One hundred years ago, today, the course of history was badly disrupted:
“It is not to be supposed,” wrote a correspondent for the Manchester Guardian analysing the significance of the assassination 100 years ago on Saturday, “that the death of the Archduke Francis Ferdinand will have any immediate or salient effect on the politics of Europe.”
Thirty-seven days later, Britain declared war on Germany and Europe was plunged into a worldwide conflict in which more than 16 million people died in four years.
When England declared war on Germany a little more than a month later, all debate came to an end:
The Guardian opposed British intervention right up to the declaration of war. “We care as little for Belgrade as Belgrade for Manchester,” it told its readers on 30 July. On 1 August, CP Scott argued that intervention would “violate dozens of promises made to our own people, promises to seek peace, to protect the poor, to husband the resources of the country, to promote peaceful progress”.
Four days later, after Britain declared war on Germany, the Guardian said: “All controversy therefore is now at an end. Our front is united.”
But, the newspaper added: “A little more knowledge, a little more time on this side, more patience, and a sounder political principle on the other side would have saved us from the greatest calamity that anyone living has known.
“It will be a war in which we risk almost everything of which we are proud, and in which we stand to gain nothing.”
We paid an unspeakable cost for ignoring the Guardian’s advice, but at least we learned something.
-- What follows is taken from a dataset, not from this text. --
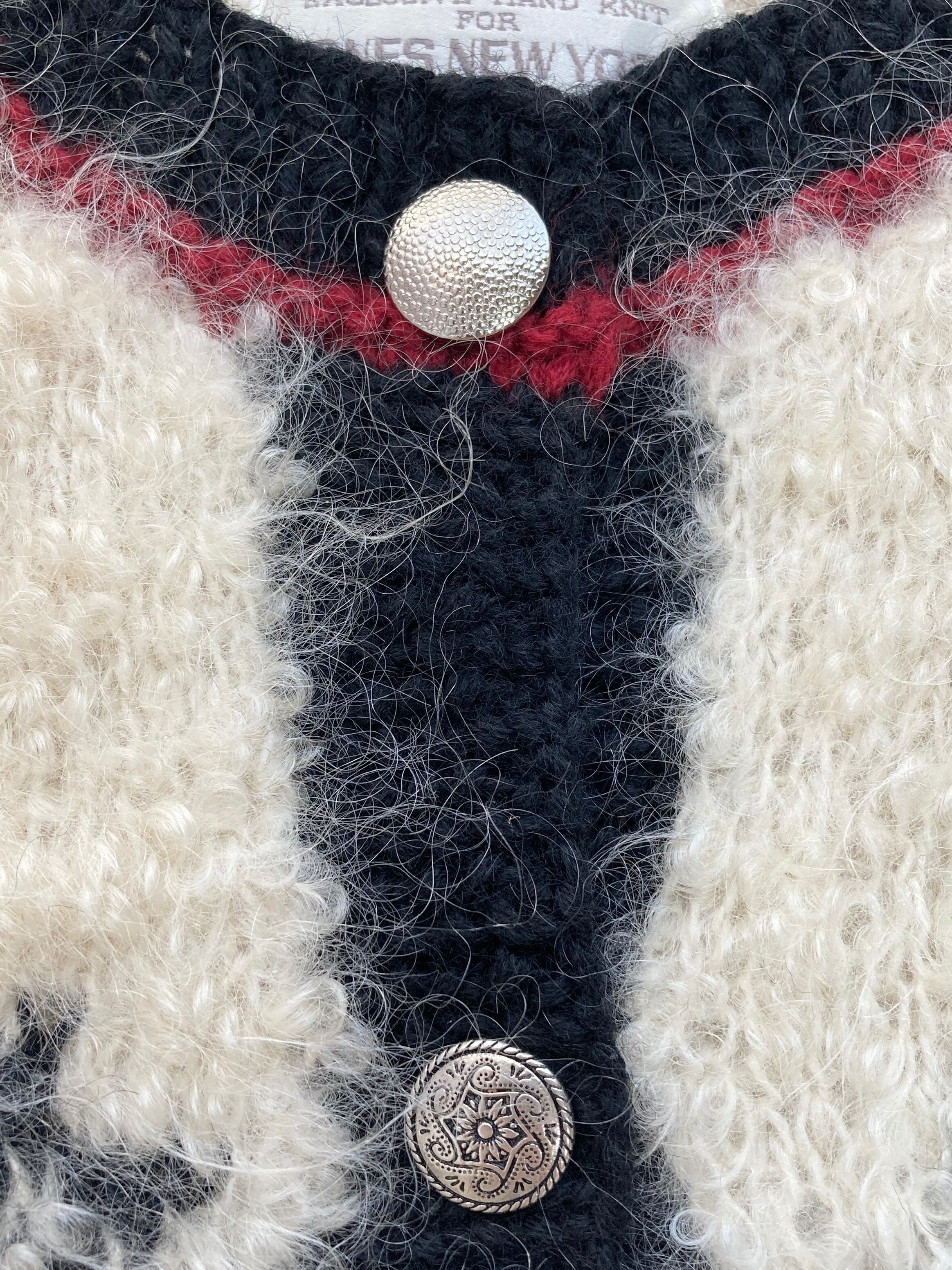 着丈が長く裾にスリットが入ったジャケット風のデザインもとてもモダンです。黒い部分の毛糸をモヘアと変えている点も、白いモヘアの毛足を強調しながら全体の印象を引き締めています。見れば見る程お洒落なカーディガンです、、
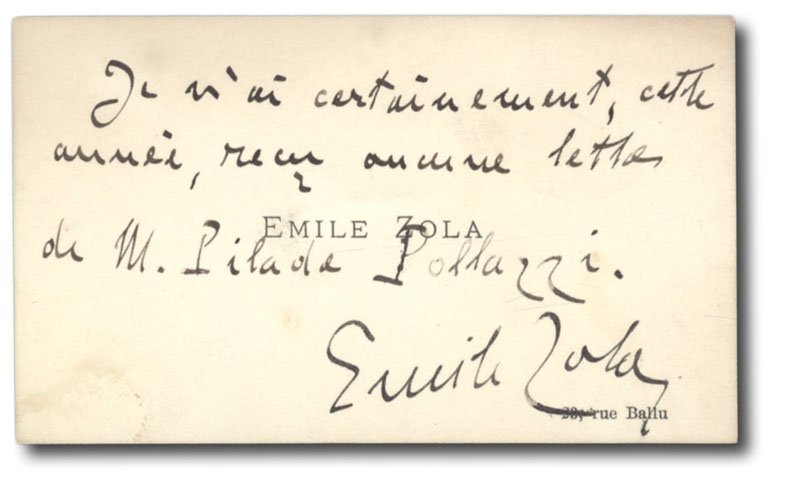 >biglietto da visita: Emile Zola, 23 rue Ballu.Il 23 di Rue Ballu si trova nel quartiere «Nouvelle Athènes», immobile simbolo dell'Art Nouveau. Vi abitarono Emile Zola e Edgar Degas, ed è conosciuto per la celebre quartina di Stéphane Mallarmé : « Rue, au 23, Ballu/J'exprime à Monsieur Degas/La satisfaction qu'il rime/Avec la fleur des syringas». Il testo del biglietto fa riferimento a Pilade Pollazzi (Firenze, 1852-1940):"Je n'ai certainement, cette année, reçu aucune lettre de M. Pilade Pollazzi.'' Fondatore nel 1885 della rivista 'Scena illustrata', ne fu editore per cinquant'anni. La rivista ebbe successo sia per la scelta collaborazione letteraria (Carducci, De Amicis, Verga, Fogazzaro, Capuana, Croce, Zola) sia per i frontespizi ornati di fregi liberty.

And then we began to forget what we had learned.
England was signatory to the 1839 Treaty of London which guaranteed Belgian neutrality. When the forces of the Kaiser invaded Belgium on their way to invade France the balloon went up.
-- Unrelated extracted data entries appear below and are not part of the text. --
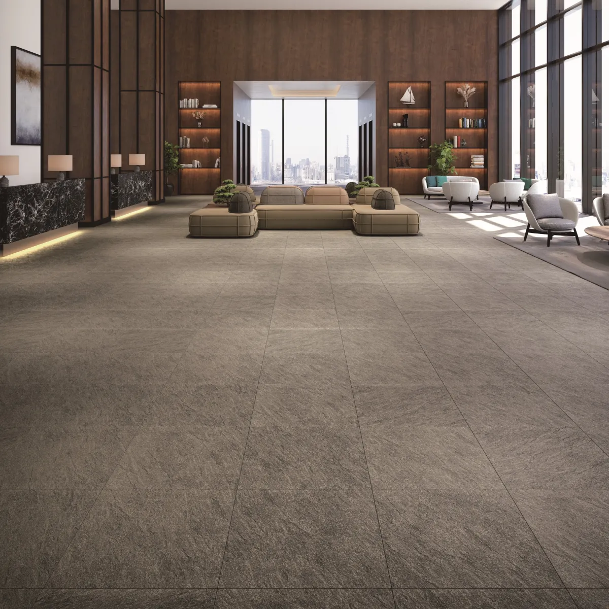 「ORIGIN」の特長の一つは、内外の空間を統合するためのデザインにあります。例えば、マット仕上げのタイルは室内用と外部用で異なるが、同一のデザインで展開されるため、リビングからテラスまでの境界を感じさせない空間を実現することができます。特に、外部用のタイルは十分な防滑性があり、安全性も考慮されています。
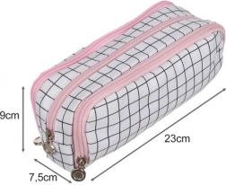 Il suo utilizzo universale è apprezzato da alunni, studenti e professionisti. L’astuccio è adatto per scuola, ufficio, per la casa e per i viaggi – puoi riporvi cosmetici, cavi, caricabatterie e altri piccoli oggetti. Il look a quadretti con bordo rosa valorizza il tuo stile.
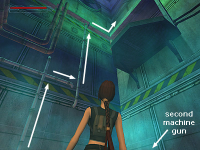 Climb over the stacked crates near the valve and cross the room to the wall behind the second gun. Climb the pipes on the far wall, following the path shown in this screenshot: Climb up, right, then up again. When you reach the narrow ledge, traverse along it to the right and around the corner. Then drop onto the jutting ledge in front of the open doorway. (If you run out of strength, you can pull up onto the ledge as soon as Lara rounds the corner and then drop down near the doorway.)

As a bit of a history buff, in my view one of the lamest clichés the you hear over and over is that “we cannot forget the past lest we make the same mistakes in the future”. If I have learned anything from my reading it is that we do make the same mistakes over and over and seem proud of them at the time. Each generation however has improved the efficiency of the machines of war to the point that when we make the next big mistake, it is likely to mark the end of mankind. By the way if one is interested in the buildup to war in July of 1914, “July 1914 Countdown to War” by Sean McMeekin is a very good read.
Also “Sleepwalkers” is an excellent read.
Colonel Roosevelt gives an interesting perspective on the war. This is Theodore Roosevelt at his John McCainiest, spending the first couple of years of the war thundering at Wilson’s spinelessness because he didn’t immediately seize the opportunity to go to war.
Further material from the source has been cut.